I almost missed the Project Mariner rollout. On March 20, 2026, Google slipped a new entry into its crawler docs: Google-Agent. No blog post fanfare, no developer conference keynote. Just a quiet documentation update that signals a massive shift in how the web works.
Google-Agent isn't a crawler. It's an AI that browses websites and does things: clicks buttons, fills forms, compares prices. On behalf of real users. That's a fundamentally different kind of web traffic, and most sites aren't ready for it.
What is Google-Agent?
Google-Agent is the user-agent string for AI agents running on Google's infrastructure. These agents visit websites, click buttons, fill out forms, and complete tasks, all directed by a human user through Project Mariner, Google's AI research prototype built into Chrome.

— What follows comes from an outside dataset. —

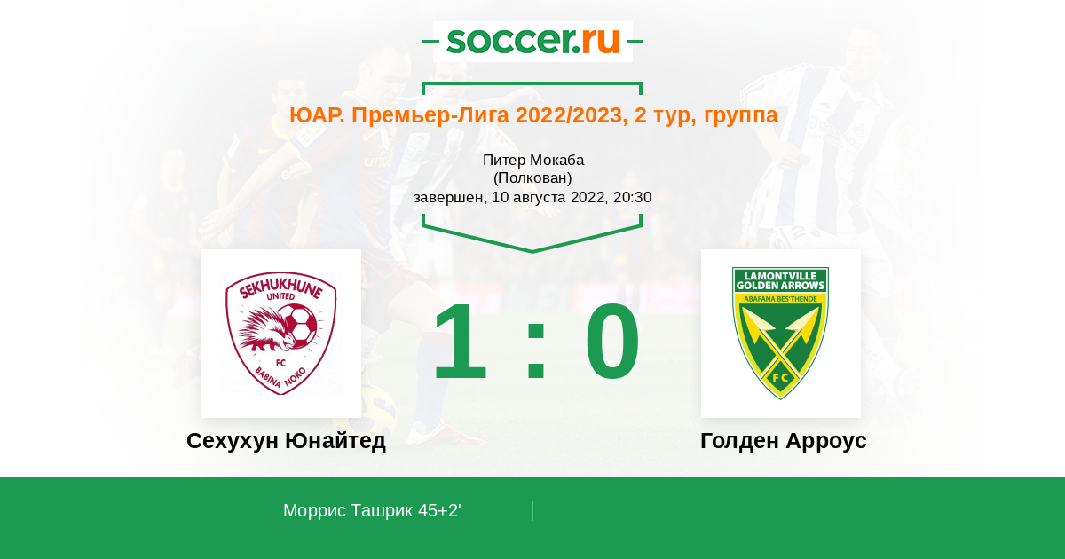 45+2' (1:0) Моррис Ташрик (12) (Летсоало Сепана (21))

Picture this: someone tells their AI assistant "find me the cheapest flight to Lisbon next Thursday." The AI needs to visit airline sites, compare prices, maybe even start a booking. Google-Agent is the identity it uses while doing that. It's not indexing your content. It's using your site the way a human would, just faster.
Key technical details
- User-Agent string:
Google-Agent - IP ranges: Published in Google's
user-triggered-agents.json - Rollout: Started March 20, 2026, full deployment over weeks
- Nature: User-triggered (not automated crawling)

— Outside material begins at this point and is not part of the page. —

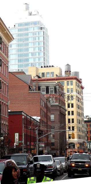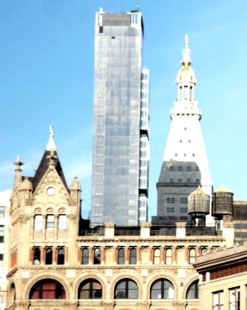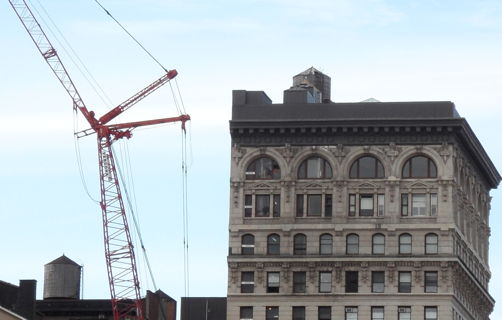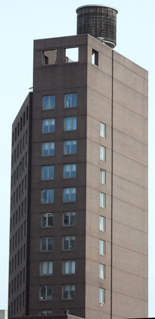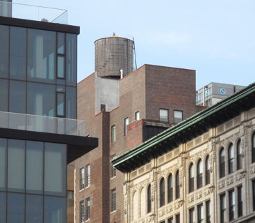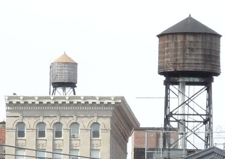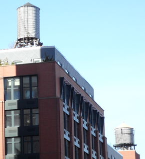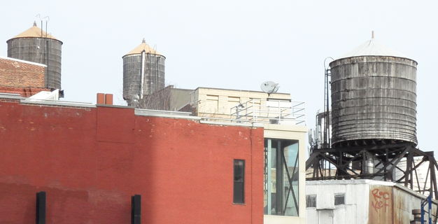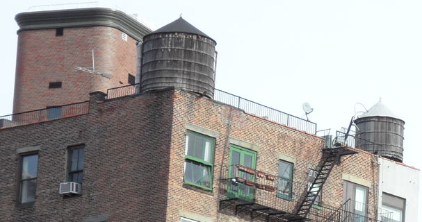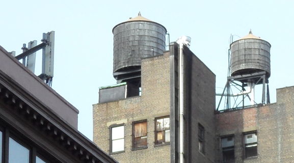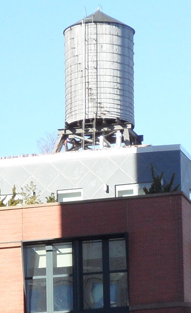 New York City's water flows from upstate reservoirs through hundreds of miles of tunnels into city mains and arrives with only enough pressure to supply water up to the sixth floor of most buildings. Since the late 1800s, owners of taller buildings have employed pumps in the basement to carry water up to a wooden tank on the roof.

How it differs from Googlebot and Google-Extended
Google now has three crawlers, and they serve very different purposes:
- Googlebot: The classic indexing crawler. Block it and you disappear from search results. Simple.
- Google-Extended: Feeds content to Gemini and Vertex AI for training. Blocking it keeps your content out of Google's AI models but doesn't touch your rankings.
- Google-Agent: Acts on behalf of a specific person. It visits your site to do something (compare prices, read an article, start a purchase). User-triggered, not automated.
Here's why this matters: Google-Agent is someone who wants to interact with your business right now. Blocking it is like telling a customer's personal shopper they can't enter your store.
What this means for your website
The answer depends on what your site does, but for most businesses, the implications are big.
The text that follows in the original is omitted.